▶ Task item: Give again only the lines from the line that holds "Upgrade your shoe" to the end of the data, inclusive, omitting all pictures.

▶ Input data:
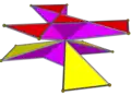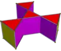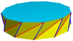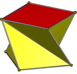 Un prisma torcido es un poliedro no convexo construido a partir de un prisma uniforme de n lados con cada cara lateral dividida en dos triángulos según una diagonal, girando la parte superior generalmente en Πn radianes (180n grados), haciendo que los lados resultantes formen intersecciones cóncavas.[13][14]
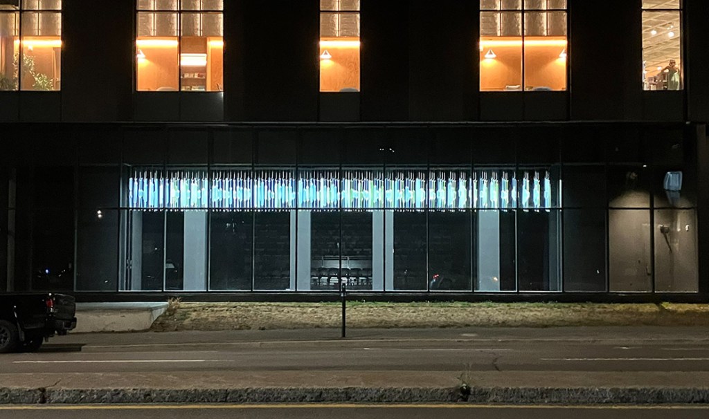 Ayant pignon sur rue depuis le boulevard René Lévesque Ouest et près du square Cabot, rappelons que l’œuvre d’Hannah Claus s’inspire des ondes sonores d’un chant de gorge chanté par les Inuuk, Nina Segolawitz et sa fille, Sierra Segolawitz-Clabaux. Tracées d’après leurs visualisations à l’ordinateur, ces ondes sonores s’allient autant aux contenus technologiques du laboratoire musical qui se trouve à l’intérieur du Centre Sanaaq, qu’aux activités socioculturelles et communautaires qui figurent dans la programmation du Centre, qu’à la salle de spectacle.
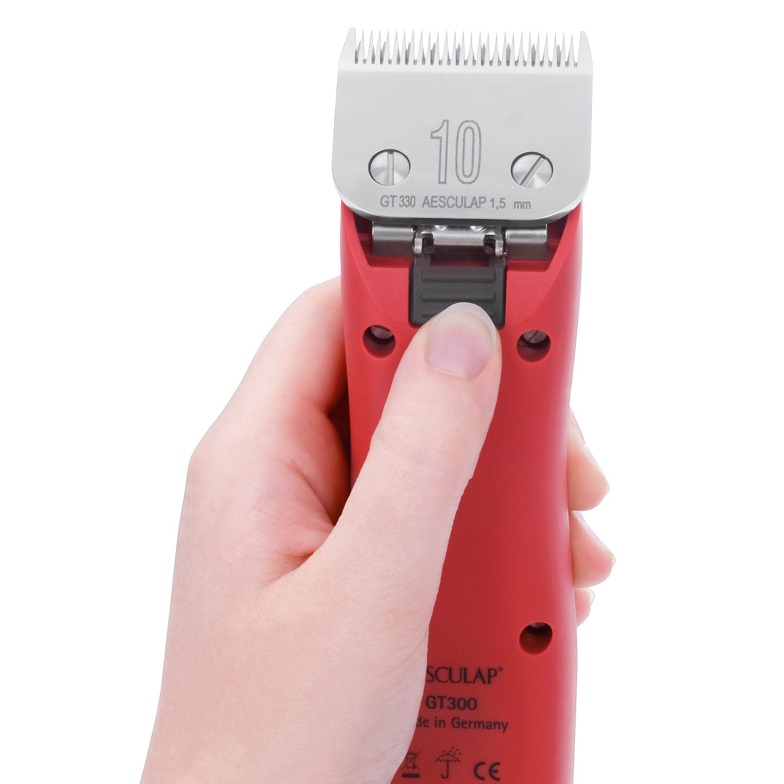 Az akkumulátoros nyírógép másik különlegessége a különösen ergonomikus, vékony, törhetetlen speciális műanyagból készült ház. A jól átgondolt kialakítás lehetővé teszi a fáradságmentes vágást. A jól hangolt szellőztető rendszer véd a túlmelegedéstől és hosszú élettartamot biztosít. A mellékelt GT330 #10 nyírófej tökéletesen kiegészíti az Aesculap FAV5 CL-t. Az 1,5 mm-es nyírókészlet rövid szőrzethez alkalmas, és pontos, tiszta vágással nyűgöz le. A rozsdamentes acélból készült, 5 felpattintható fésűből álló toldófésű-készlet könnyen siklik a szőrzetben, és egyenletes és optimális vágási mintázatot biztosít a különböző vágási hosszúságoknál.
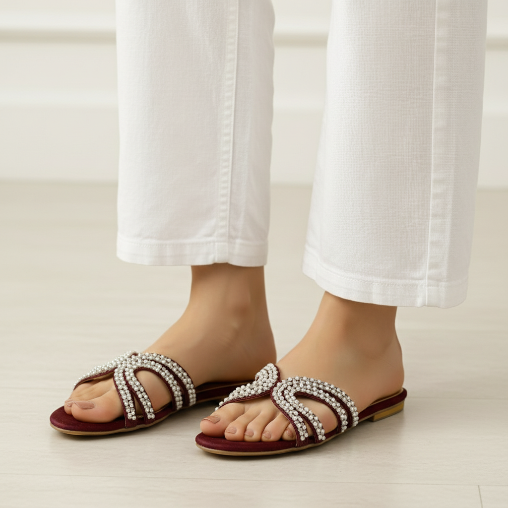 Upgrade your shoe game with Grace Up Flats 0735. These elegant flats feature delicate pearls and stones embroidery, adding a touch of sophistication to any outfit. Perfect for any occasion, these flats are a must-have for a stylish and polished look.
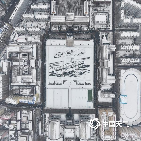 哈尔滨工程大学体育场上,一艘以雪铸成的“航母”已破浪起航。
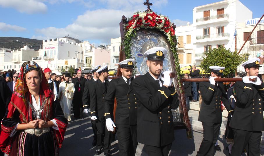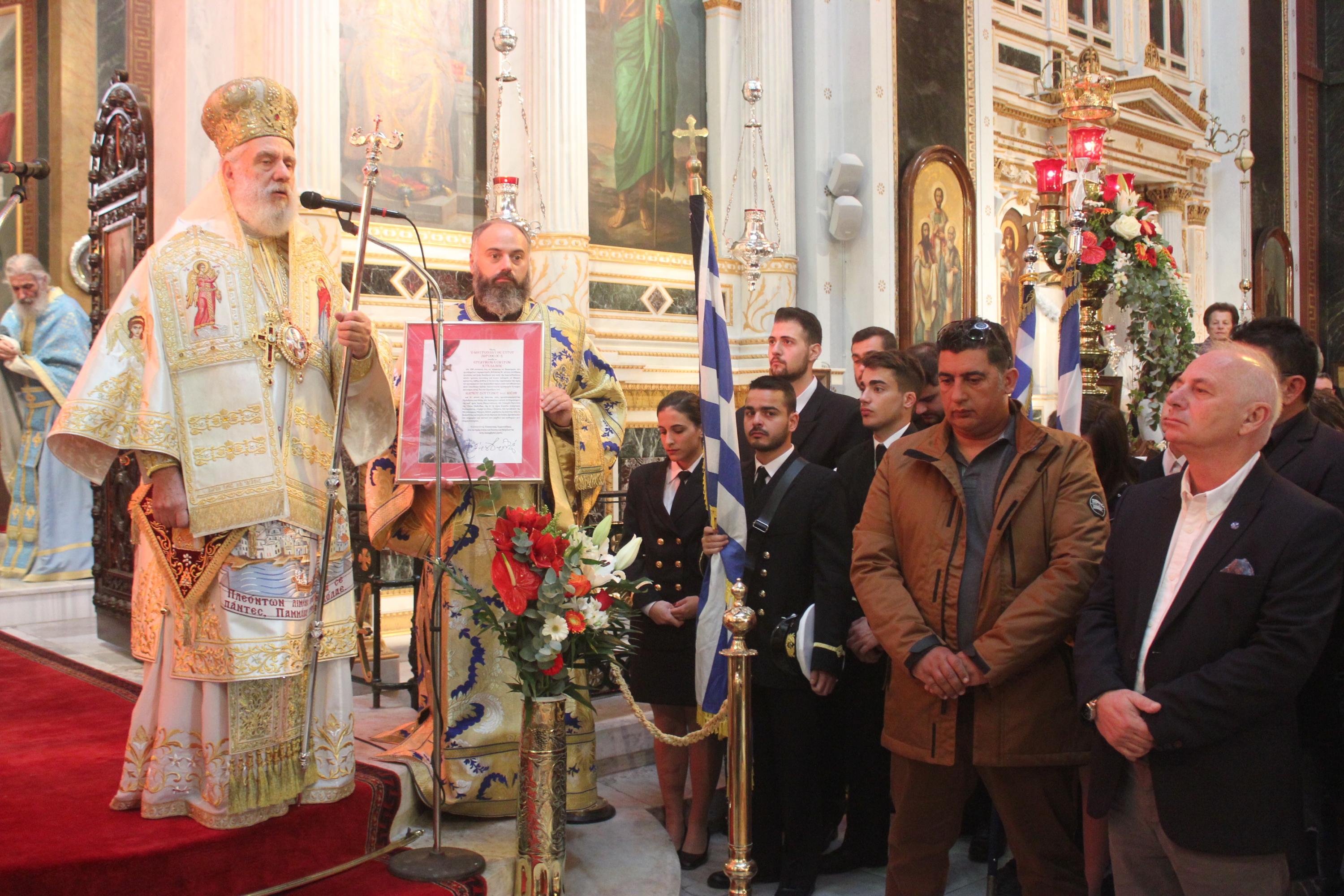 «Με ευλάβεια και τιμή συνοδεύουμε την εικόνα του Αγίου Νικολάου, ο οποίος δεν άφησε ποτέ την πόλη μας και το νησί μας. Κάθε φορά που τον παρακάλεσε η μάνα, η σύζυγος και το παιδί του ναυτικού να εξέλθει στη θάλασσα και να περπατήσει στα μαινόμενα και φουρτουνιασμένα κύματα, εκείνος θα τρέξει στις γέφυρες και τις μηχανές των πλοίων και θα κοιτάξει πιο πέρα από ό,τι τα ανθρώπινα μάτια, στον ορίζοντα των ελπίδων, των οραμάτων και των ονείρων, που ο κάθε άνθρωπος έχει για τη ζωή του», σημείωσε ο Μητροπολίτης Σύρου.
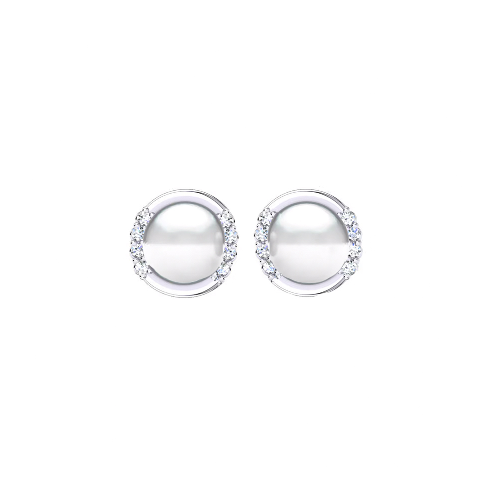 Aros de Oro Blanco 18k con perla central de 6mm engastada con un bisel de oro blanco y diamantes corte brillante engastados en pave a los lados de la perla.

▶ Task output:
 Upgrade your shoe game with Grace Up Flats 0735. These elegant flats feature delicate pearls and stones embroidery, adding a touch of sophistication to any outfit. Perfect for any occasion, these flats are a must-have for a stylish and polished look.
 哈尔滨工程大学体育场上,一艘以雪铸成的“航母”已破浪起航。
 «Με ευλάβεια και τιμή συνοδεύουμε την εικόνα του Αγίου Νικολάου, ο οποίος δεν άφησε ποτέ την πόλη μας και το νησί μας. Κάθε φορά που τον παρακάλεσε η μάνα, η σύζυγος και το παιδί του ναυτικού να εξέλθει στη θάλασσα και να περπατήσει στα μαινόμενα και φουρτουνιασμένα κύματα, εκείνος θα τρέξει στις γέφυρες και τις μηχανές των πλοίων και θα κοιτάξει πιο πέρα από ό,τι τα ανθρώπινα μάτια, στον ορίζοντα των ελπίδων, των οραμάτων και των ονείρων, που ο κάθε άνθρωπος έχει για τη ζωή του», σημείωσε ο Μητροπολίτης Σύρου.
 Aros de Oro Blanco 18k con perla central de 6mm engastada con un bisel de oro blanco y diamantes corte brillante engastados en pave a los lados de la perla.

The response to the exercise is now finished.